First Quarter 2016 Results
The Company achieved revenues during the first quarter of 2016 of $36.2 million, compared to $32.7 million during the same period last year. On a GAAP basis, Flamel recorded a net loss of ($6.4) million during the first quarter, or ($0.15) per diluted share, compared to a net income of $11.6 million, or $0.27 per diluted share, for the same period last year. Adjusted net income for the first quarter was $1.6 million, or $0.04 per diluted share, compared to an adjusted net income of $4.7 million, or $0.11 per diluted share, during the same period last year. The decline in adjusted diluted EPS from the previous year was primarily due to higher SG&A resulting from investments made in infrastructure and people in order to execute the Company's strategic plan. Included in GAAP net loss in the first quarter of 2016 was a $7.9 million charge to its contingent consideration liability resulting from the Company's reassessment of its long term Éclat revenue forecast. In addition, the Company incurred a foreign currency exchange loss of ($2.9) million, compared to a foreign currency exchange gain of $11.5 million in the prior year quarter. Please see the Supplemental Information section within this document for a reconciliation of adjusted EBITDA, adjusted net income and adjusted diluted EPS to the respective GAAP amounts.

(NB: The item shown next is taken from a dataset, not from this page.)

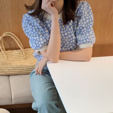 小花柄が可愛いニットトップスで、ふんわりシルエットです。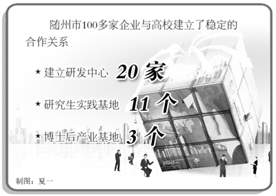 据随州市委常委、组织部长雷文洁介绍,目前随州市有100多家企业与高校建立了稳定的合作关系,已建立20家研发中心,11个研究生实践基地,3个博士后产业基地。

Cash flow from operations was $22.5 million, compared to $25.3 million in the same period last year. Cash and marketable securities at March 31, 2016 were $160.0 million, compared to $144.8 million at December 31, 2015, an increase of $15.2 million.

2016 Revenue and R&D Spending Guidance
The Company is maintaining its full year 2016 revenue guidance of $110 - $130 million and expects the recently acquired FSC products, AcipHex® Sprinkle™, Karbinal™ ER, Cefaclor for Oral Suspension and Flexichamber™, to contribute revenues in the range of $10 - $15 million. As a result of the multiple clinical trials expected to run throughout 2016, the Company expects research & development expenses to be in the range of $35 - $50 million, up from $25.6 million in 2015.

Conference Call
A conference call to discuss these results and other updates is scheduled for 10:00 a.m. ET on Monday, May 9, 2016. A question and answer period will follow management's prepared remarks. To participate in the conference call, investors are invited to dial 800-753-0420 (U.S. and Canada) or 913-312-0645 (international). The conference ID number is 3821495. Interested parties may access a live audio webcast of the conference call via the investor section of the Company website, www.flamel.com. The archived webcast of the conference call will be available for 90 days on Flamel's website.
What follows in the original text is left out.